Among the types of data utilization expected in the Trusted Data Space, sharing and analyzing data across industries and organizations for a common target is particularly important and desired. However, from the viewpoint of confidentiality and personal-information protection, data in an organization cannot be freely shared with others for statistical analysis. Secure matching technology enables secure cross-analysis of data by anonymously collating personal information and business data held by an organization between two parties without disclosing the content to the other party. Whereas the data sandbox technology and secure computation technology can execute arbitrary data processing, secure matching technology focuses on data exchange and aggregation processing between two parties, so that each data owner can safely conduct integrated analysis by introducing a simple system into their company and exchanging data.

There are two technological advances in secure matching. The first is a protocol for securely combining and totaling data while keeping them encrypted using advanced cryptography such as commutative hash functions and homomorphic encryption. The other is differential privacy, which adds noise at high speed while maintaining encryption to protect privacy so that the original data will not be known even from the aggregate results. We want to combine secure matching technology with other secure data-distribution technologies developed by NTT to create the Trusted Data Space for reliable data distribution. Secure matching technology is also being used in demonstration experiments at Japan Airlines (JAL), JAL Card, and NTT DOCOMO to improve customer experience and use data to solve social issues.

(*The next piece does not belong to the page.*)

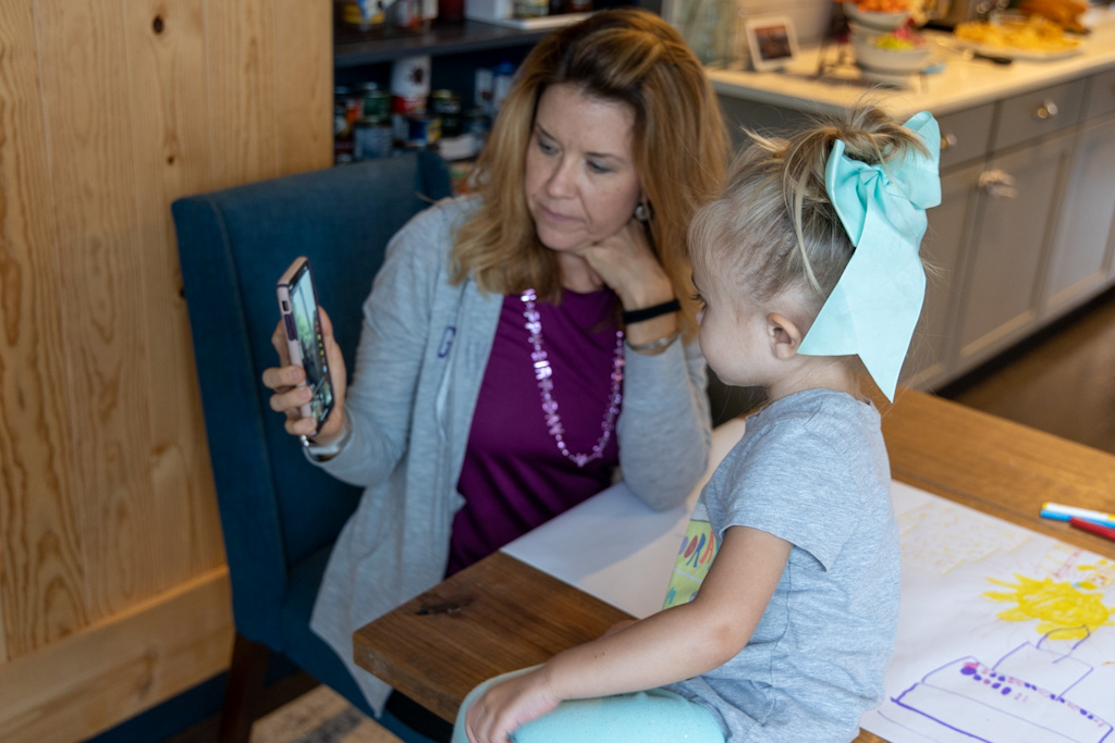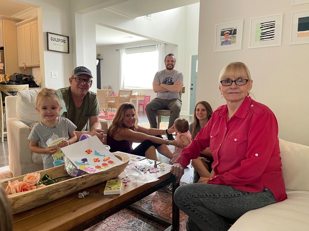 Kristi’s mom, Marilyn, and little sister, Brittani, and Brittani’s husband Blake in the background and Jerry and Emilia

6. Technology selection for secure data utilization

There is much overlap in the use cases covered with the above technologies. Ultimately, if there were a technology that could theoretically process sensitive data securely and quickly and pass only the necessary results to those who need them, all use cases could be handled. However, no such technology currently exists. Therefore, better technologies need to be determined and applied as appropriate in accordance with the characteristics of the target data, requirements of the parties involved, and legal regulations. Figure 3 illustrates the different uses of technology that we consider. Secure matching technology can be used when one wants to conduct statistical analysis on a dataset with identifiers (IDs) that can be collated and combined with data from other organizations. This is especially useful when conducting marketing analysis while maintaining the anonymity of personal information. While secure computation is highly secure because it executes operations on the basis of cryptographic theoretical security, data sandbox technology is characterized by its high processing speed and ability to execute algorithms almost without modification because it uses hardware-based memory encryption. Therefore, a processing method needs to be determined that balances safety and performance as required by the use case.

Fig. 3. Application areas of each technology.

7. Future developments

To achieve the Trusted Data Space to distribute data in which new value is created in a cascading manner, progress must be made in not only the technologies introduced in this article but also various other areas such as searching and matching reliable data and analysts, standardizing data formats, promoting interconnection with existing data spaces, and creating value through AI. We will continue to promote these research and development efforts through collaboration and technical verification with a wide range of partners.